The Enormous Gap in U.S. vs Canadian Profitability and Multiples
The graph displays the five most profitable U.S. and Canadian cultivation & retail companies with market caps over $200 million, and their respective valuation multiples.
The dark green bars represent the consensus 2022 EBITDA margins for the U.S. companies, while the light green bars represent the margins for the Canadian companies.
Each of the top 5 U.S. competitors have margins that are more than double that of Village Farms, the Canadian company with the highest expected 2022 profitability.
Moreover, the U.S companies are already achieving similar margins in 2021 whereas the Canadians require significant advances to achieve their 2022 estimates.

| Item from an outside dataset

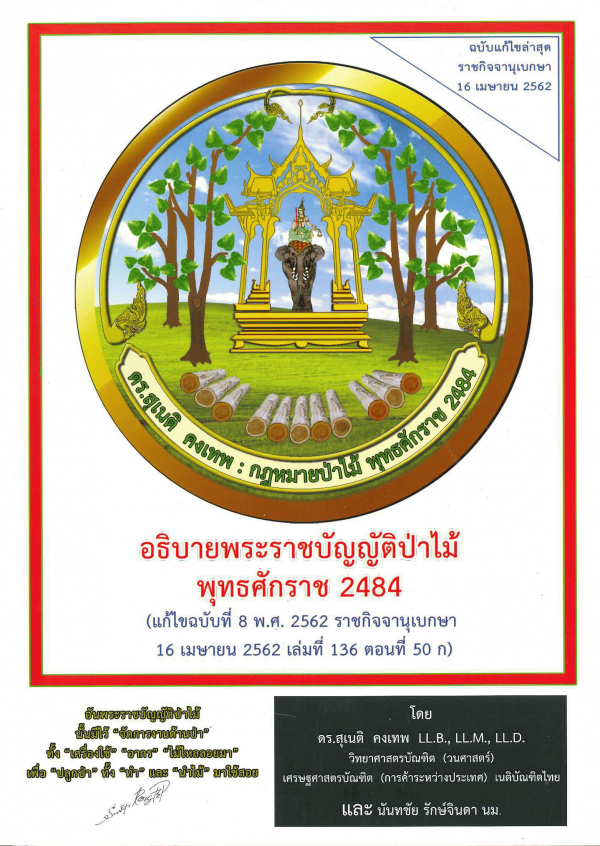 - ชื่อเรื่องแกหน้า อธิบายพระราชบัญญัติป่าไม้ พุทธศักราช 2484 (แก้ไขฉบับที่ 8 พ.ศ. 2562 ราชกิจจานุเบกษา 16 เมษายน 2562 เล่มที่ 136 ตอนที่ 50 ก)

Expected 2021 margins for the five U.S. Companies average 91% as high as their 2022 expectations. The Canadians are only expected to have 2021 margins that are 60% as high as their 2022 esitmates.
The orange dots represent the 2022 consensus EV/Revenue multiples. With significantly lower profitability we would expect much lower revenue multiples than we observe. Tilray and Sundial revenue multiples impliy EV/EBITDA multiples of 49x and 65x respectively.

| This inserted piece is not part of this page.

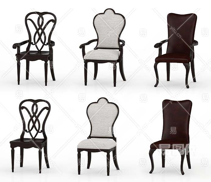 美式餐椅组合3D模型下载
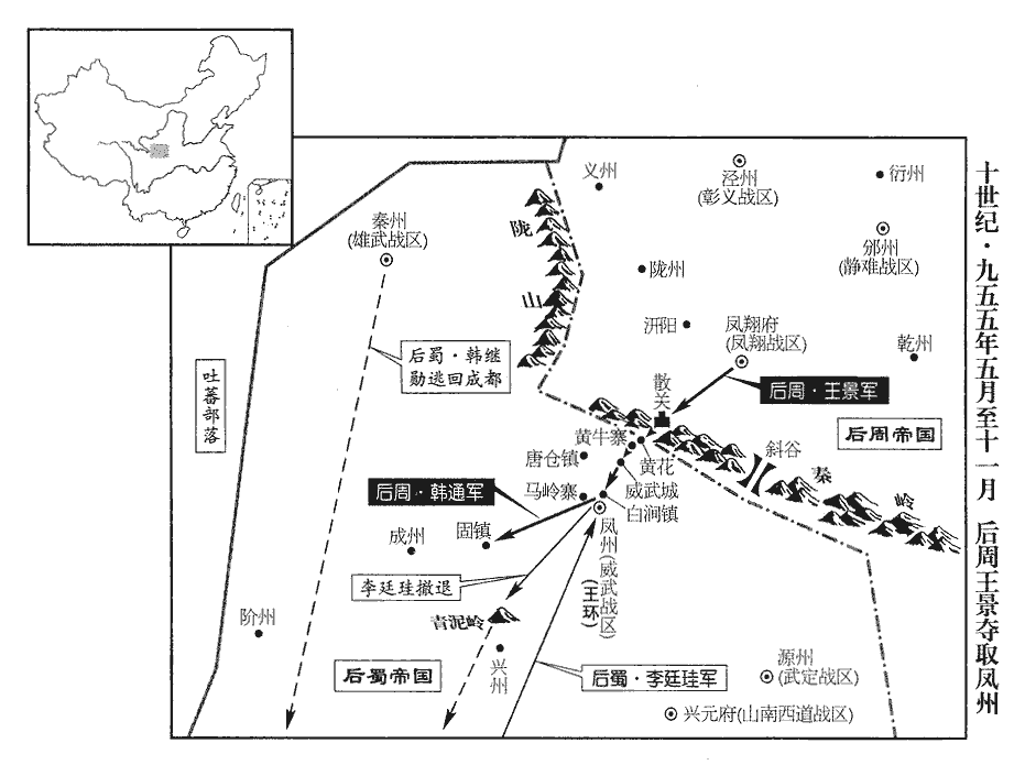 11帝‹郭荣›常憤廣明以來中國日蹙,唐僖宗廣明元年,黃巢入長安,自此之後,強藩割據,中國日蹙矣。及高平‹山西省高平县›既捷,慨然有削平天下之志。會秦州‹甘肃省秦安县西北›民夷有詣大梁‹后周首都开封府所在城·河南省开封市›獻策請恢復舊疆者,以唐全盛版圖言之,蜀亦舊疆也。以漢、晉事言之,則契丹入中原,重以王景崇之亂,階‹甘肃省武都县东›、成‹甘肃省成县›、秦‹甘肃省秦安县西北›、鳳‹陕西省凤县›遂入於蜀。帝納其言。為取階、成、秦、鳳張本。

The US companies trade at 2022 EBITDA multiples that range from a low of 6.5x for Trulieve and Verano to a high of 13.1x for GTI while the Canadians trade in a range of 14.7x to 65x.
We have difficulty explaining this gap in valuation given the much higher profitability of the US companies. Even with increased acquisitions of U.S. companies by Canadian companies (requiring legislative/regulatory changes in many cases for full effectiveness), we do not believe this gap is justified or sustainable.